▸ WHAT IS REQUIRED: Would you restate all of the entries verbatim, minus any images?

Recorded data
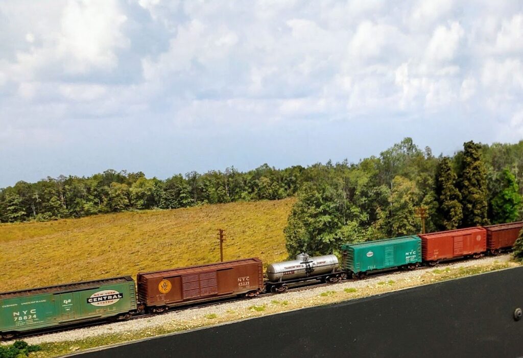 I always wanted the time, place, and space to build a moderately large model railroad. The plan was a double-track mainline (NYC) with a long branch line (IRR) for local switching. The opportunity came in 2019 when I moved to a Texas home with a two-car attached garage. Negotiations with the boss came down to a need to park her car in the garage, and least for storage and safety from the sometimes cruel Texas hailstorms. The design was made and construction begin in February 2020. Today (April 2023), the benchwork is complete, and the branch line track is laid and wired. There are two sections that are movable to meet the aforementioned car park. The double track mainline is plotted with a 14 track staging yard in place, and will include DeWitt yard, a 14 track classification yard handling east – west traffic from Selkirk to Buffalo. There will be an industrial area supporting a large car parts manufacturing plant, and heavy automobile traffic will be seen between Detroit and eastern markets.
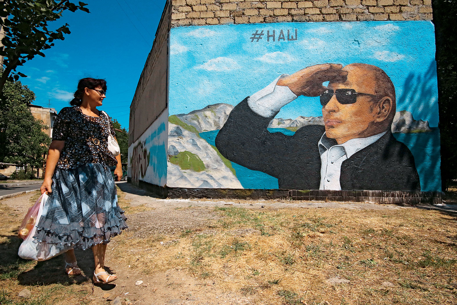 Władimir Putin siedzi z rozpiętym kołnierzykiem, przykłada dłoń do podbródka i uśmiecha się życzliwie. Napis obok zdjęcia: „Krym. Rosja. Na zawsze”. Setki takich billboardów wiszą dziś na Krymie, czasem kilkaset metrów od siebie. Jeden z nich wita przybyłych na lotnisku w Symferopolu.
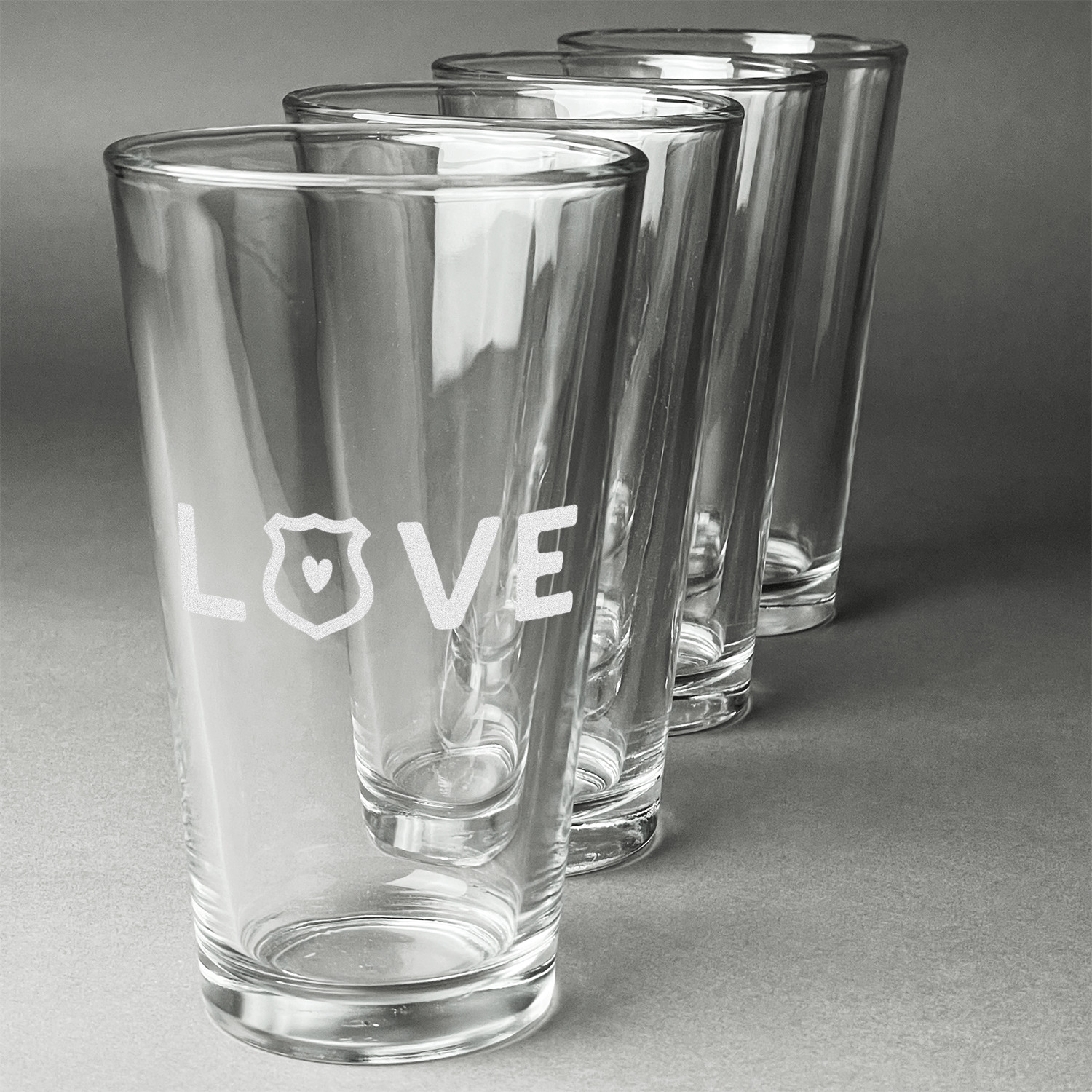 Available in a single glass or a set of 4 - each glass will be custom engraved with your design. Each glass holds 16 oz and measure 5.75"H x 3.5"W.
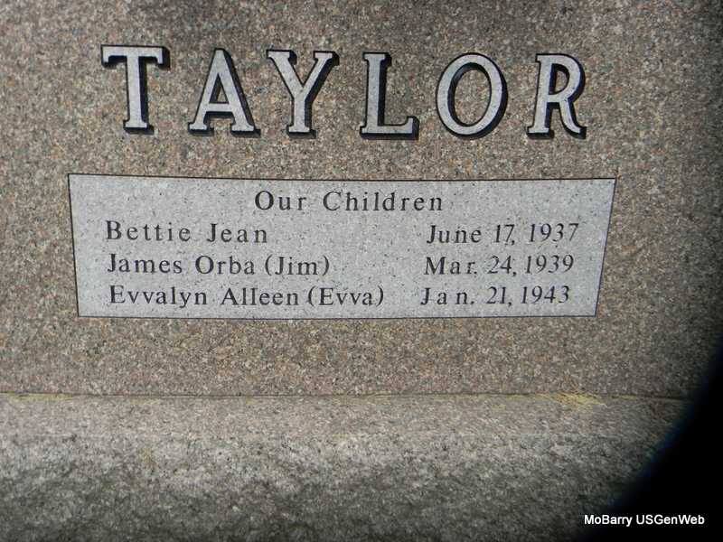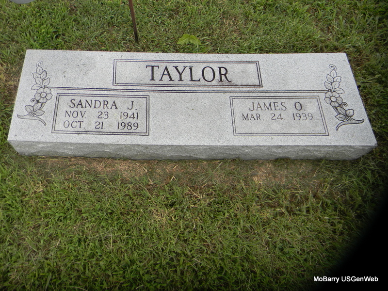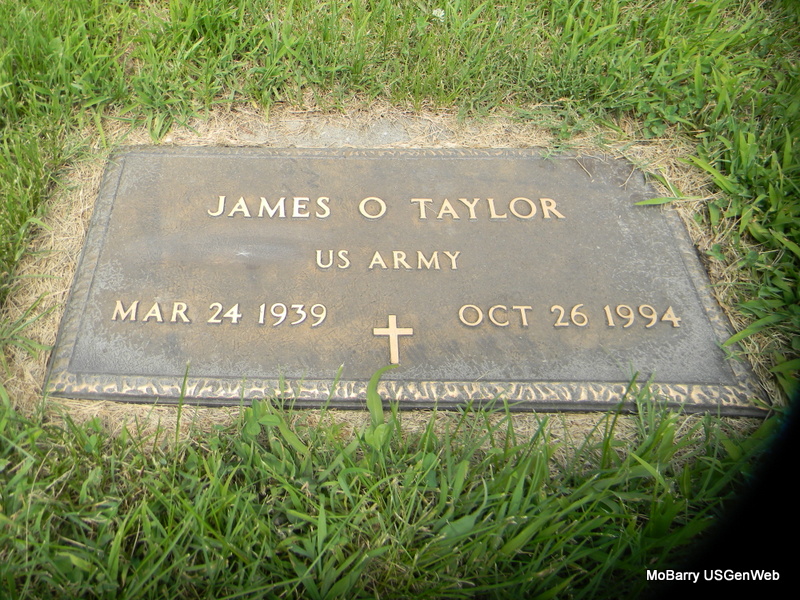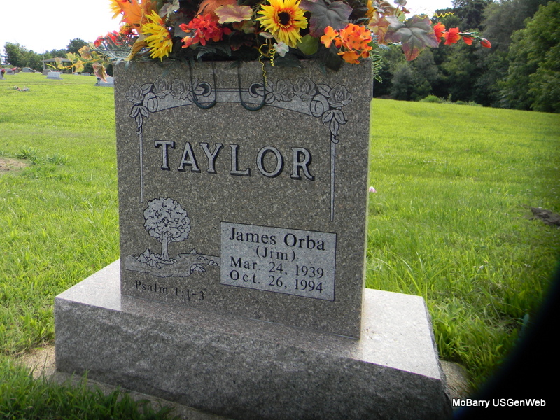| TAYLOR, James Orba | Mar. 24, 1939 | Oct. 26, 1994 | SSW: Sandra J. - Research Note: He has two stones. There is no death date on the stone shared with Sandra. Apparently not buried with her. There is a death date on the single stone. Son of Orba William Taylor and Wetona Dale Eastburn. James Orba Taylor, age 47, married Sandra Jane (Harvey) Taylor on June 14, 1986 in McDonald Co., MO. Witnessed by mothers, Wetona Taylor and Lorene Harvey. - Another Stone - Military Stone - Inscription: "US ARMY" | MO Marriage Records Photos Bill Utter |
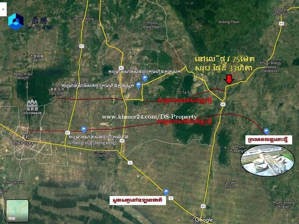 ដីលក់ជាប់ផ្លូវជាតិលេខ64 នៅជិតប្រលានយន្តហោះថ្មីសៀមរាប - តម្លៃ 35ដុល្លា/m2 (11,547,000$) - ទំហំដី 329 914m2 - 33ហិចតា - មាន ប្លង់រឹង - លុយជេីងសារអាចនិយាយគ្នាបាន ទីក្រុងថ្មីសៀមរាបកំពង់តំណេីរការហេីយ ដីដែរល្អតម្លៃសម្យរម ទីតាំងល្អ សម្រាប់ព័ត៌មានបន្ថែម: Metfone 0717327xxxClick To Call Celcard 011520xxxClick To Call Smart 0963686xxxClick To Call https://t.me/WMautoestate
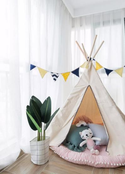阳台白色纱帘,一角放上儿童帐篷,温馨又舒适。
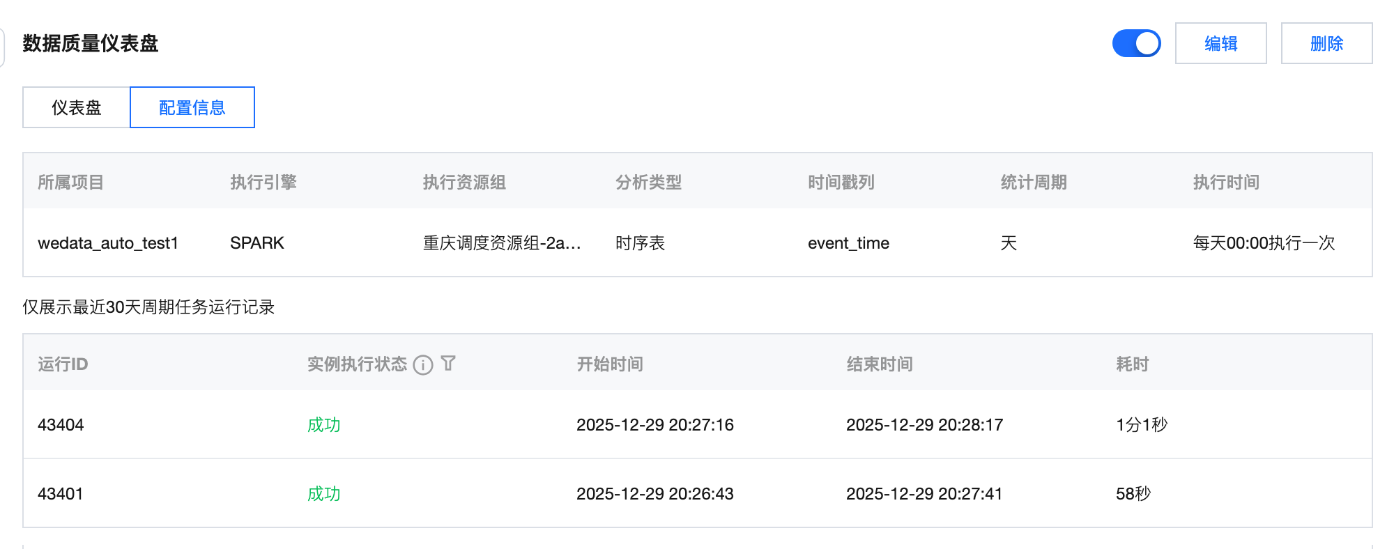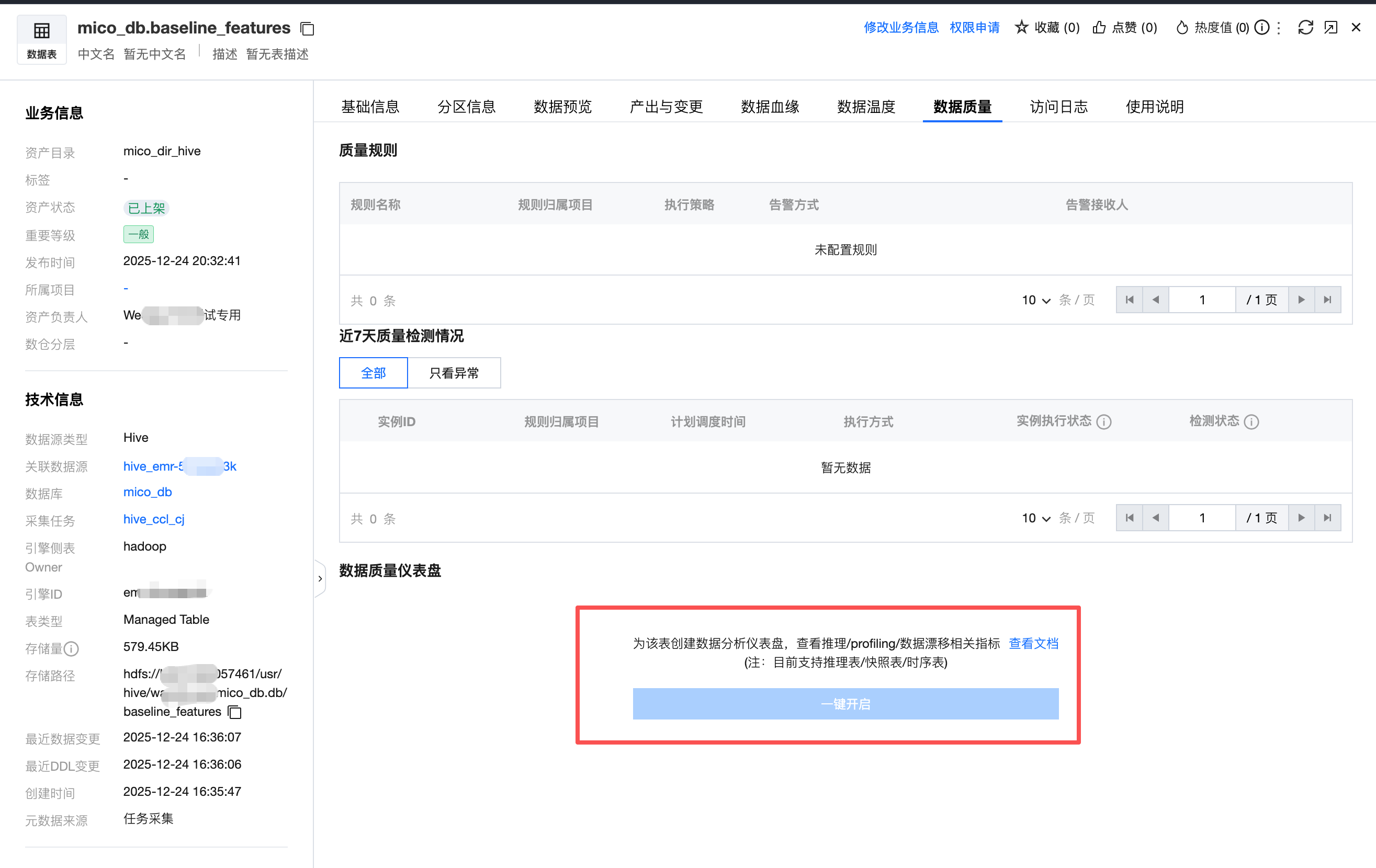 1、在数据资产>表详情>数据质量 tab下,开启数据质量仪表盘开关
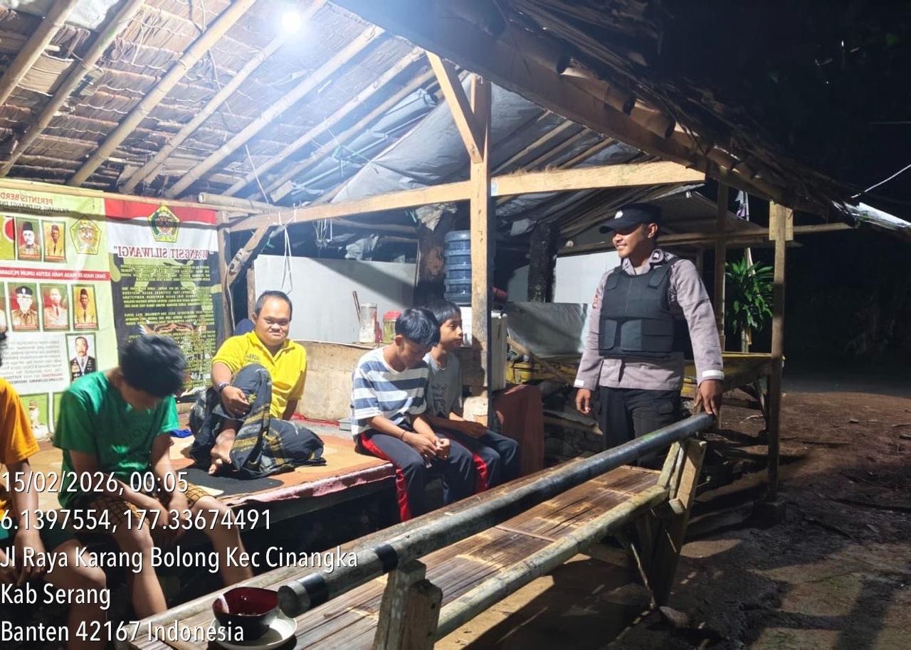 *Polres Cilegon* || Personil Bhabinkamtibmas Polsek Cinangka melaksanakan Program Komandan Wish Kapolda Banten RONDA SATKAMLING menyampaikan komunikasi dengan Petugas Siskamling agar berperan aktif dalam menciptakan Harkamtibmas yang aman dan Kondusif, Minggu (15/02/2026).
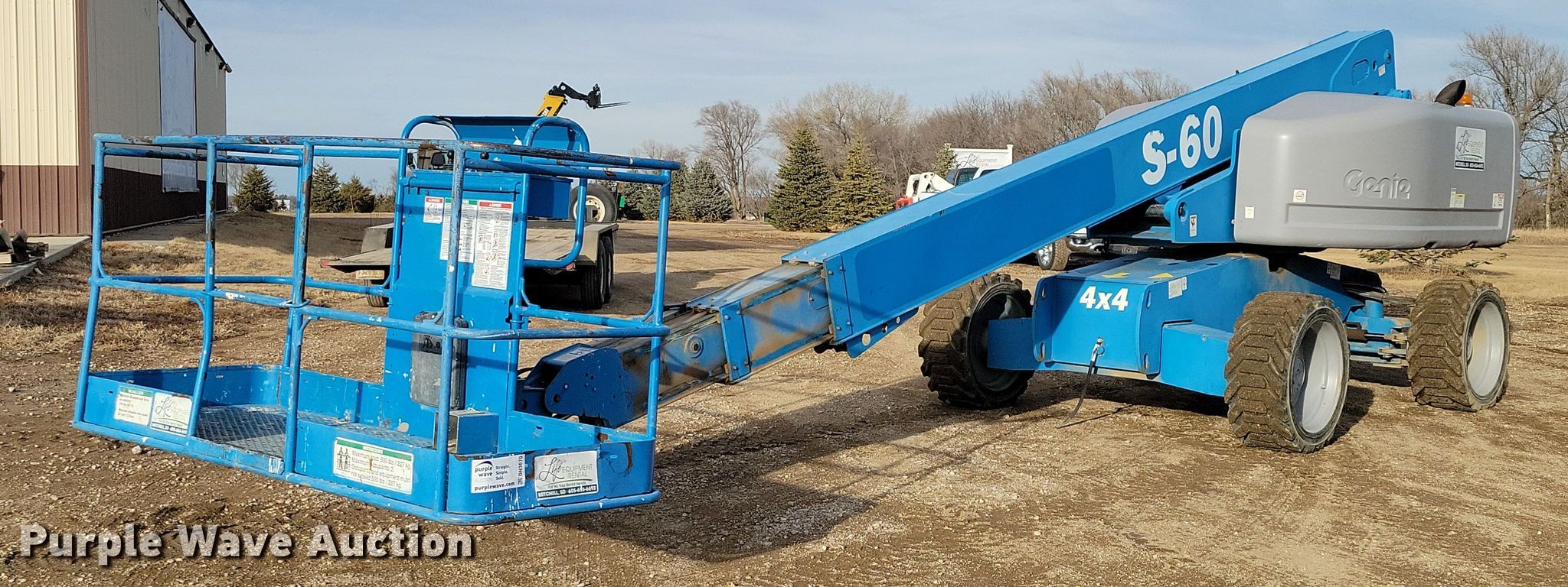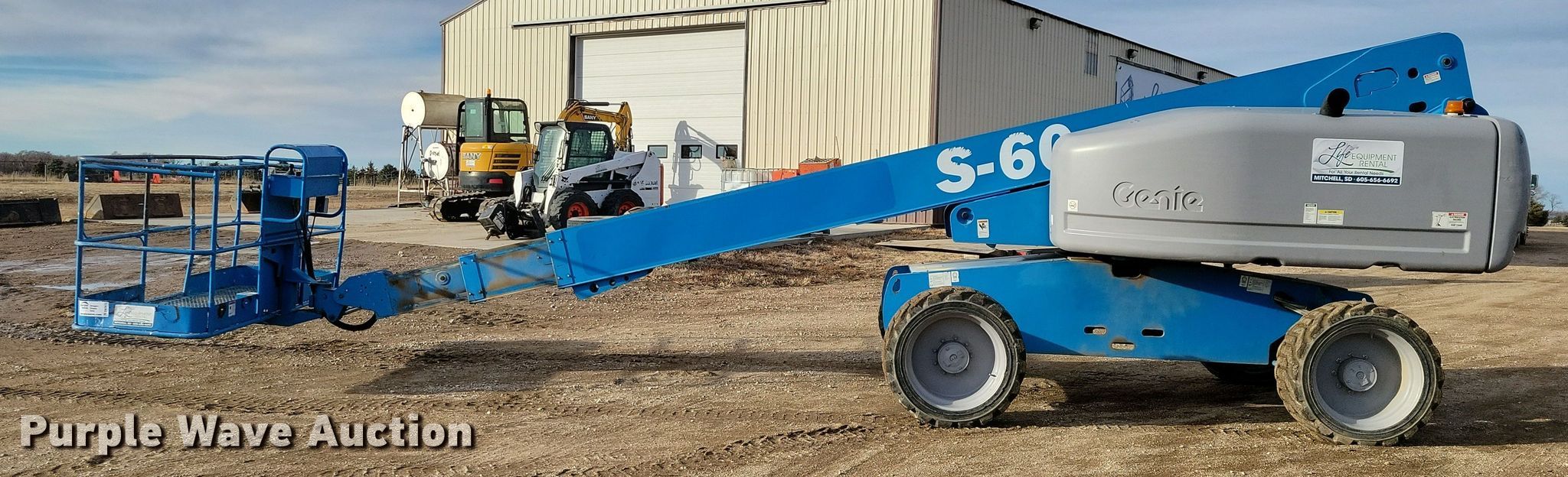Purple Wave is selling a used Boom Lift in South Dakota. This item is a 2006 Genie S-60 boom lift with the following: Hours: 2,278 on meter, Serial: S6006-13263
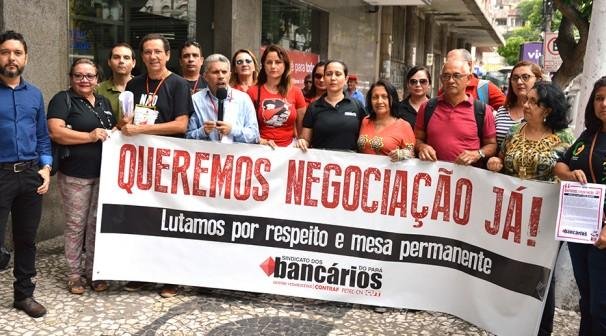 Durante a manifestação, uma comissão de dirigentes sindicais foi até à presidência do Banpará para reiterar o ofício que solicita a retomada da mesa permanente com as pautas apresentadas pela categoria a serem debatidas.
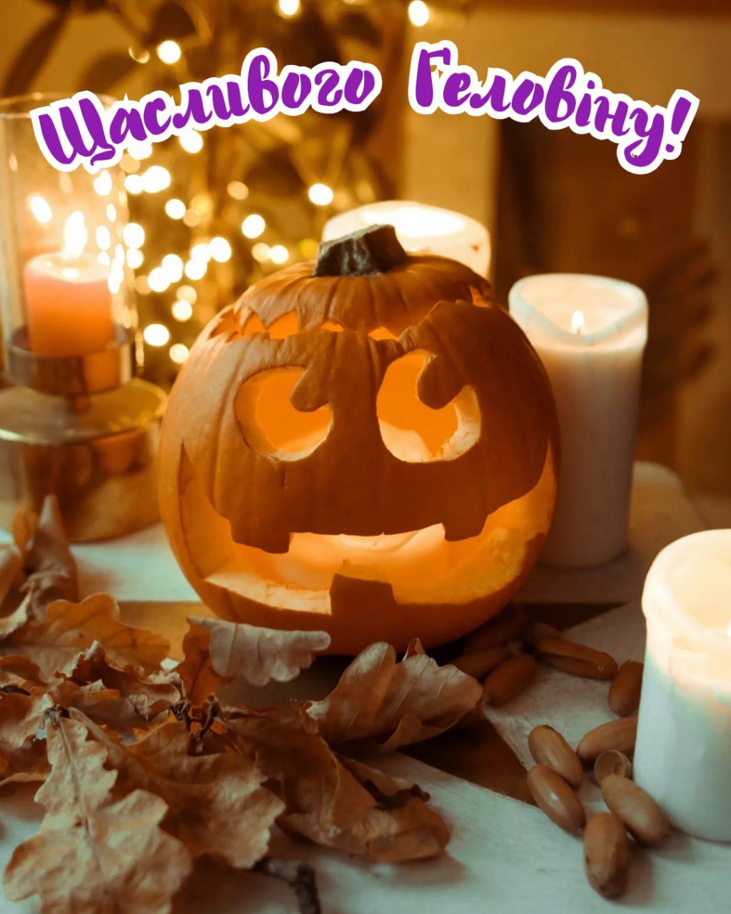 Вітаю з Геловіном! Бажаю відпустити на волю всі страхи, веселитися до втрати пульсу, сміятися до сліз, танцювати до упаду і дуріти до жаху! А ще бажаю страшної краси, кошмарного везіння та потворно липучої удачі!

▸ RESULT:
 I always wanted the time, place, and space to build a moderately large model railroad. The plan was a double-track mainline (NYC) with a long branch line (IRR) for local switching. The opportunity came in 2019 when I moved to a Texas home with a two-car attached garage. Negotiations with the boss came down to a need to park her car in the garage, and least for storage and safety from the sometimes cruel Texas hailstorms. The design was made and construction begin in February 2020. Today (April 2023), the benchwork is complete, and the branch line track is laid and wired. There are two sections that are movable to meet the aforementioned car park. The double track mainline is plotted with a 14 track staging yard in place, and will include DeWitt yard, a 14 track classification yard handling east – west traffic from Selkirk to Buffalo. There will be an industrial area supporting a large car parts manufacturing plant, and heavy automobile traffic will be seen between Detroit and eastern markets.
 Władimir Putin siedzi z rozpiętym kołnierzykiem, przykłada dłoń do podbródka i uśmiecha się życzliwie. Napis obok zdjęcia: „Krym. Rosja. Na zawsze”. Setki takich billboardów wiszą dziś na Krymie, czasem kilkaset metrów od siebie. Jeden z nich wita przybyłych na lotnisku w Symferopolu.
 Available in a single glass or a set of 4 - each glass will be custom engraved with your design. Each glass holds 16 oz and measure 5.75"H x 3.5"W.
| TAYLOR, James Orba | Mar. 24, 1939 | Oct. 26, 1994 | SSW: Sandra J. - Research Note: He has two stones. There is no death date on the stone shared with Sandra. Apparently not buried with her. There is a death date on the single stone. Son of Orba William Taylor and Wetona Dale Eastburn. James Orba Taylor, age 47, married Sandra Jane (Harvey) Taylor on June 14, 1986 in McDonald Co., MO. Witnessed by mothers, Wetona Taylor and Lorene Harvey. - Another Stone - Military Stone - Inscription: "US ARMY" | MO Marriage Records Photos Bill Utter |
 ដីលក់ជាប់ផ្លូវជាតិលេខ64 នៅជិតប្រលានយន្តហោះថ្មីសៀមរាប - តម្លៃ 35ដុល្លា/m2 (11,547,000$) - ទំហំដី 329 914m2 - 33ហិចតា - មាន ប្លង់រឹង - លុយជេីងសារអាចនិយាយគ្នាបាន ទីក្រុងថ្មីសៀមរាបកំពង់តំណេីរការហេីយ ដីដែរល្អតម្លៃសម្យរម ទីតាំងល្អ សម្រាប់ព័ត៌មានបន្ថែម: Metfone 0717327xxxClick To Call Celcard 011520xxxClick To Call Smart 0963686xxxClick To Call https://t.me/WMautoestate
阳台白色纱帘,一角放上儿童帐篷,温馨又舒适。
 1、在数据资产>表详情>数据质量 tab下,开启数据质量仪表盘开关
 *Polres Cilegon* || Personil Bhabinkamtibmas Polsek Cinangka melaksanakan Program Komandan Wish Kapolda Banten RONDA SATKAMLING menyampaikan komunikasi dengan Petugas Siskamling agar berperan aktif dalam menciptakan Harkamtibmas yang aman dan Kondusif, Minggu (15/02/2026).
Purple Wave is selling a used Boom Lift in South Dakota. This item is a 2006 Genie S-60 boom lift with the following: Hours: 2,278 on meter, Serial: S6006-13263
 Durante a manifestação, uma comissão de dirigentes sindicais foi até à presidência do Banpará para reiterar o ofício que solicita a retomada da mesa permanente com as pautas apresentadas pela categoria a serem debatidas.
 Вітаю з Геловіном! Бажаю відпустити на волю всі страхи, веселитися до втрати пульсу, сміятися до сліз, танцювати до упаду і дуріти до жаху! А ще бажаю страшної краси, кошмарного везіння та потворно липучої удачі!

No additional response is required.